[Task instructions]: Transcribe the full listing below, word for word, without pictures.

[Data section]:
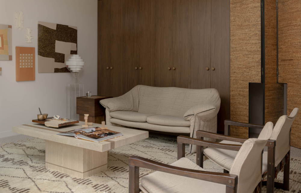 Wool rug by Armadillo. Le Stelle loveseat by Mario Bellini, designed in 1974 for B&B Italia. Pair of vintage Diana Safari Chairs by Karin Mobring for Ikea (1970) sourced via Facebook Marketplace. Italian travertine coffee table found via Facebook Marketplace. Tiled side table by Studio Blank. Vintage Lakene lamp designed by Brylle and Jacobsen for Ikea sourced via auction house Leonard Joel. All textile works on wall by Jarnah Montersino. Ceramic wall artworks by Jan Vogelpoel.
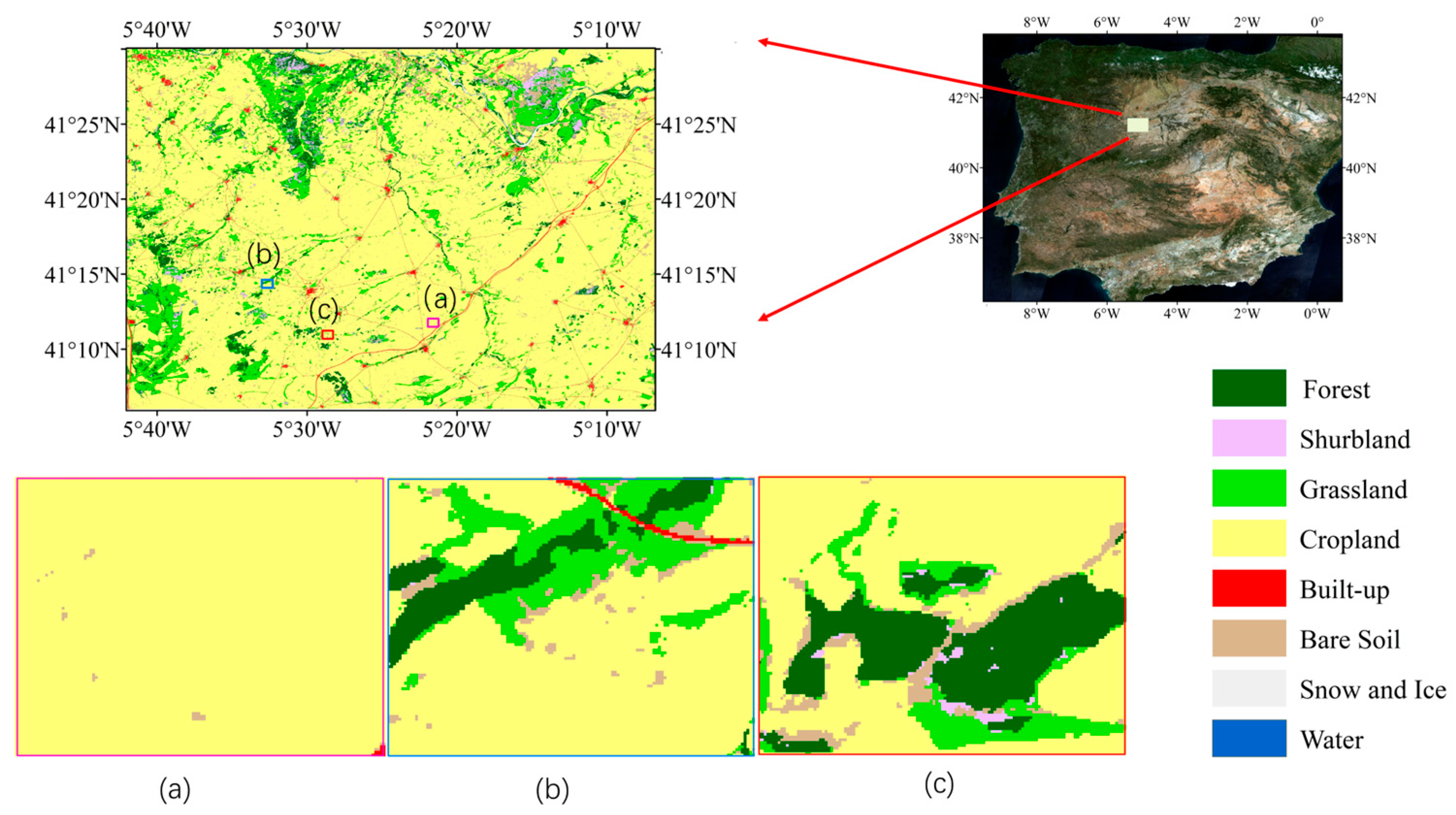 | (b) Zamarron | −5.54427, 41.23923 | 2020–2024 | A mixed landscape with small forest and shrubland patches and large cropland areas |
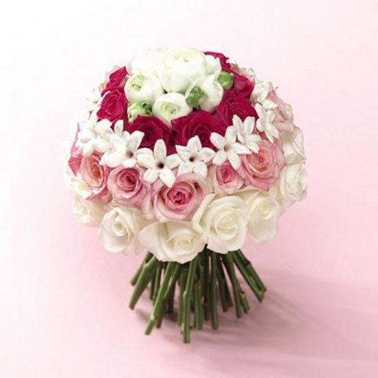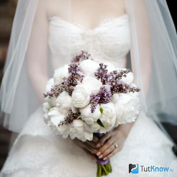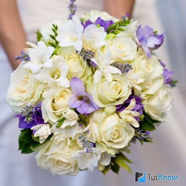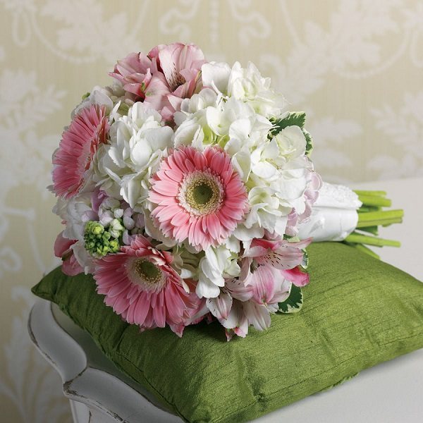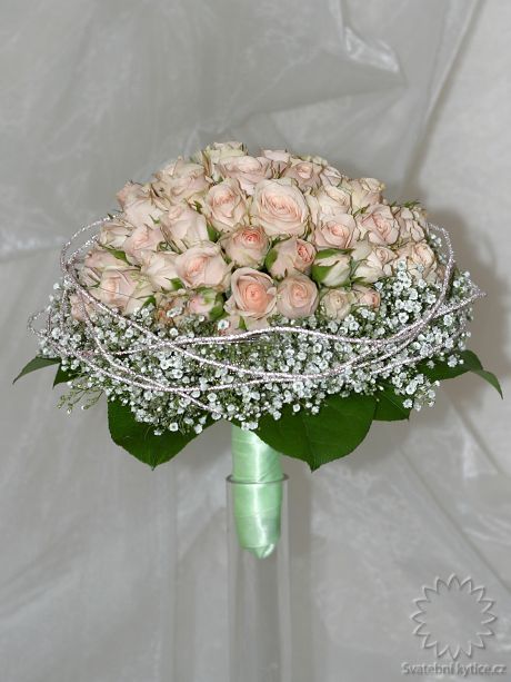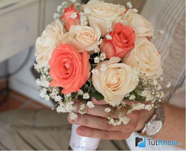 Обычно бывает округлой формы, пастельных цветов, может составляться из роз, пионов, гортензий, разбавленных веточками гипсофилы.

[Solution]:
 Wool rug by Armadillo. Le Stelle loveseat by Mario Bellini, designed in 1974 for B&B Italia. Pair of vintage Diana Safari Chairs by Karin Mobring for Ikea (1970) sourced via Facebook Marketplace. Italian travertine coffee table found via Facebook Marketplace. Tiled side table by Studio Blank. Vintage Lakene lamp designed by Brylle and Jacobsen for Ikea sourced via auction house Leonard Joel. All textile works on wall by Jarnah Montersino. Ceramic wall artworks by Jan Vogelpoel.
 | (b) Zamarron | −5.54427, 41.23923 | 2020–2024 | A mixed landscape with small forest and shrubland patches and large cropland areas |
 Обычно бывает округлой формы, пастельных цветов, может составляться из роз, пионов, гортензий, разбавленных веточками гипсофилы.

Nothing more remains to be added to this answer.